**About this task**
Reproduce nothing beyond the line containing "伊良皆愛寿馨さんの画数の鑑定結果". From the first line of the data below down to it, copy each line exactly, without the pictures.

**The data**
****************************************
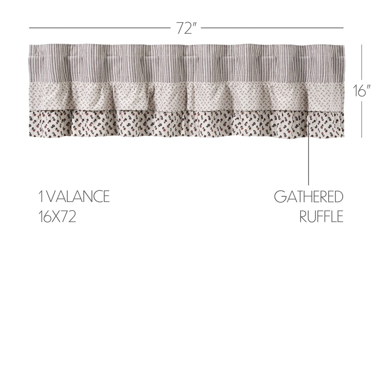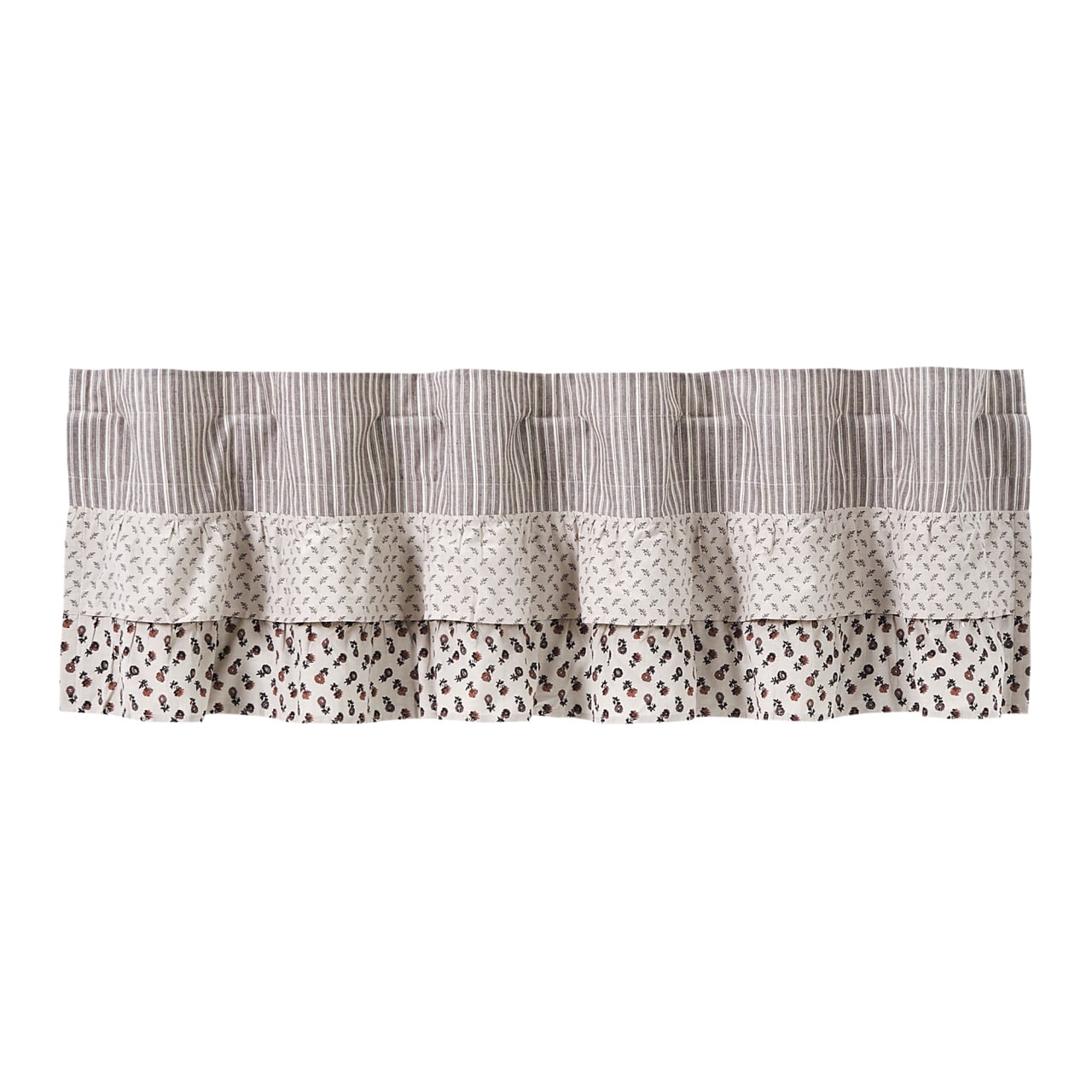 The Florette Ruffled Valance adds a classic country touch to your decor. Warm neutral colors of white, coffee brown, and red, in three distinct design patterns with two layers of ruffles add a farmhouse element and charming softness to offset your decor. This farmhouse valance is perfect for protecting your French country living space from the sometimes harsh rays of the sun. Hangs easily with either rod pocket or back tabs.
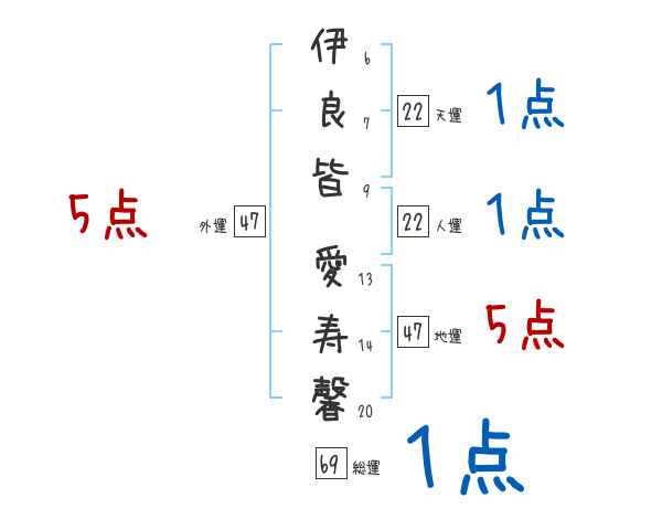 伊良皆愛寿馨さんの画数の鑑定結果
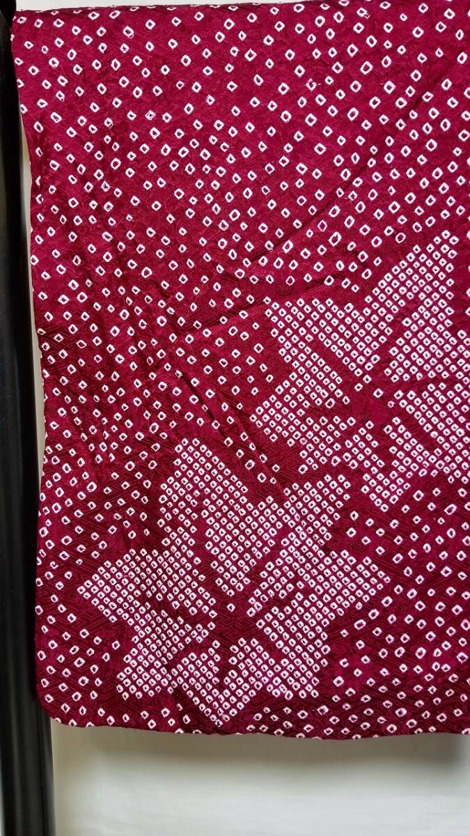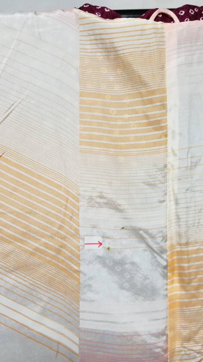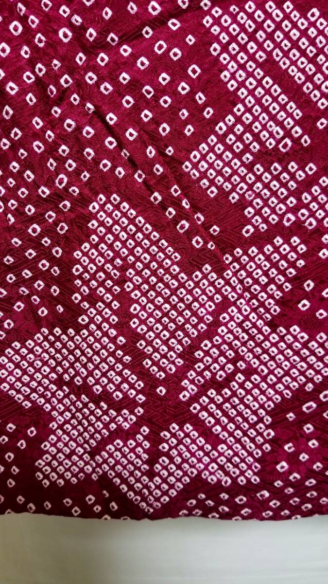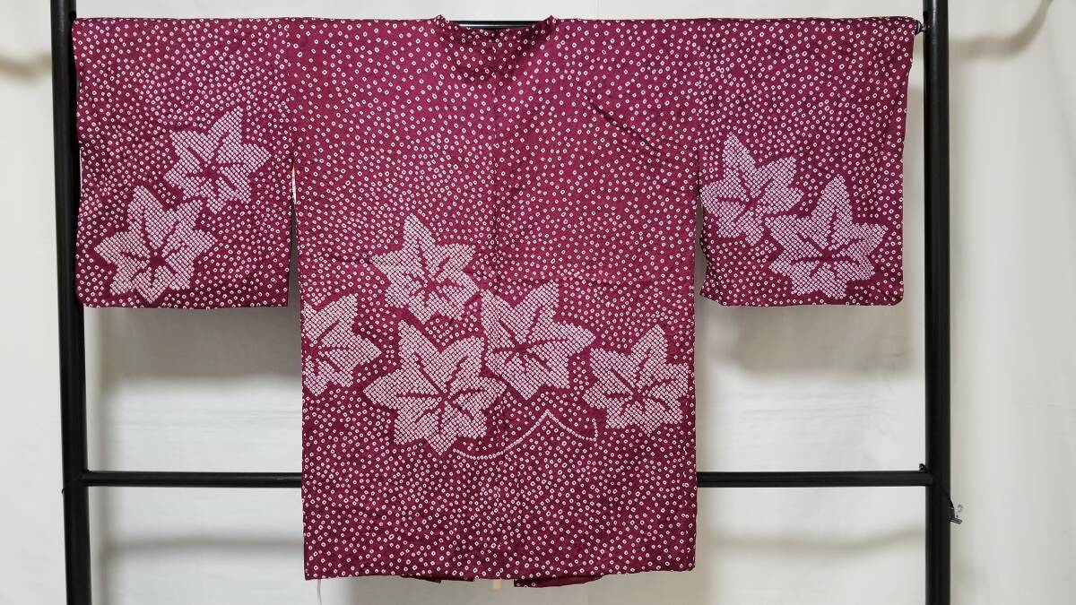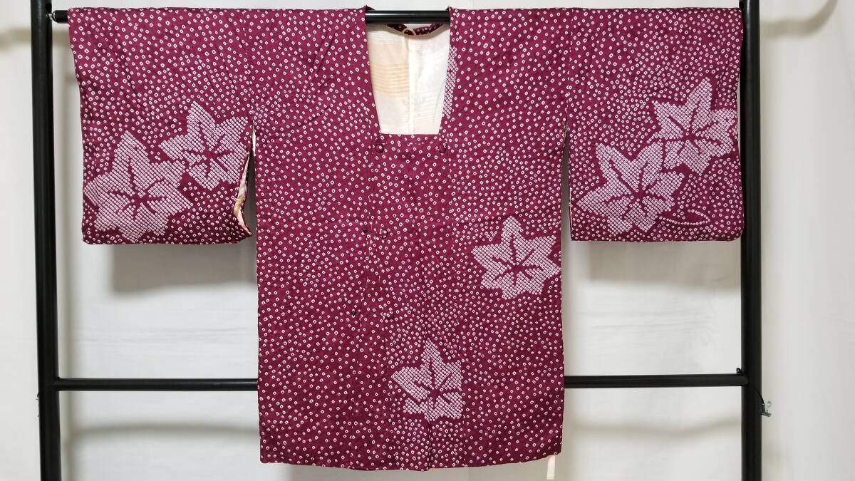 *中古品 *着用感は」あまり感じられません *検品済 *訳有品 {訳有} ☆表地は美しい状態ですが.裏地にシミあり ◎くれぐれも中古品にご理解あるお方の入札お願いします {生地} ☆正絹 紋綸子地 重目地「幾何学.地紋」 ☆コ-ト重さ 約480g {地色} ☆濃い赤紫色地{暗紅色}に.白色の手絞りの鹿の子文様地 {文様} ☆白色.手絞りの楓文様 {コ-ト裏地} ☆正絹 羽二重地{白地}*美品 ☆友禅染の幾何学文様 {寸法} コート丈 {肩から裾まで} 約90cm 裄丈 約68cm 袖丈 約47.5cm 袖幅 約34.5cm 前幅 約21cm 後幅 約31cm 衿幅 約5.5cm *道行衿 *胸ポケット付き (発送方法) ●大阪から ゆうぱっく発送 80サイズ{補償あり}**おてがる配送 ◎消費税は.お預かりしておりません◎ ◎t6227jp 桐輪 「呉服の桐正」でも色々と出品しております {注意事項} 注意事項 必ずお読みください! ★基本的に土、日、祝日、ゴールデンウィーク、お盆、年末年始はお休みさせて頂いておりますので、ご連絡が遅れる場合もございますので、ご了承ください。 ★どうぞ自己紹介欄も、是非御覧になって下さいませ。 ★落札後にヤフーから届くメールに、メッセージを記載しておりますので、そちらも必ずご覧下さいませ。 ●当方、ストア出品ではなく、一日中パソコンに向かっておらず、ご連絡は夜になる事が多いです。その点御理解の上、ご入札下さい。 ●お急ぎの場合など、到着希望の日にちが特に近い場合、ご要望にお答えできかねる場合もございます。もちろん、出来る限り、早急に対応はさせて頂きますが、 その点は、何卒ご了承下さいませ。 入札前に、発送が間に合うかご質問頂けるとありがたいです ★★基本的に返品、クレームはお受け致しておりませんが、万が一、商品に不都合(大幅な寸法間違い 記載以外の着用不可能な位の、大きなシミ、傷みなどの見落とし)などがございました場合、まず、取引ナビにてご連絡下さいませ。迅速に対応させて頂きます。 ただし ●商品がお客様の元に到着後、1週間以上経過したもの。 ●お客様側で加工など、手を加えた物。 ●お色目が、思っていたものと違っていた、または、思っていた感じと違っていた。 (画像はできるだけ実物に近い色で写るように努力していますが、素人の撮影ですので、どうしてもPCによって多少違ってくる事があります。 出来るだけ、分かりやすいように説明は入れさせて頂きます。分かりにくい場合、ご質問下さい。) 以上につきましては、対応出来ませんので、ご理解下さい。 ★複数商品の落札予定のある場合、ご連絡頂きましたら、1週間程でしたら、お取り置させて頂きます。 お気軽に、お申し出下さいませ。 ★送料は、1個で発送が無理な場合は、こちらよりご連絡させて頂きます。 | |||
****************************************
**Task output**
 The Florette Ruffled Valance adds a classic country touch to your decor. Warm neutral colors of white, coffee brown, and red, in three distinct design patterns with two layers of ruffles add a farmhouse element and charming softness to offset your decor. This farmhouse valance is perfect for protecting your French country living space from the sometimes harsh rays of the sun. Hangs easily with either rod pocket or back tabs.
 伊良皆愛寿馨さんの画数の鑑定結果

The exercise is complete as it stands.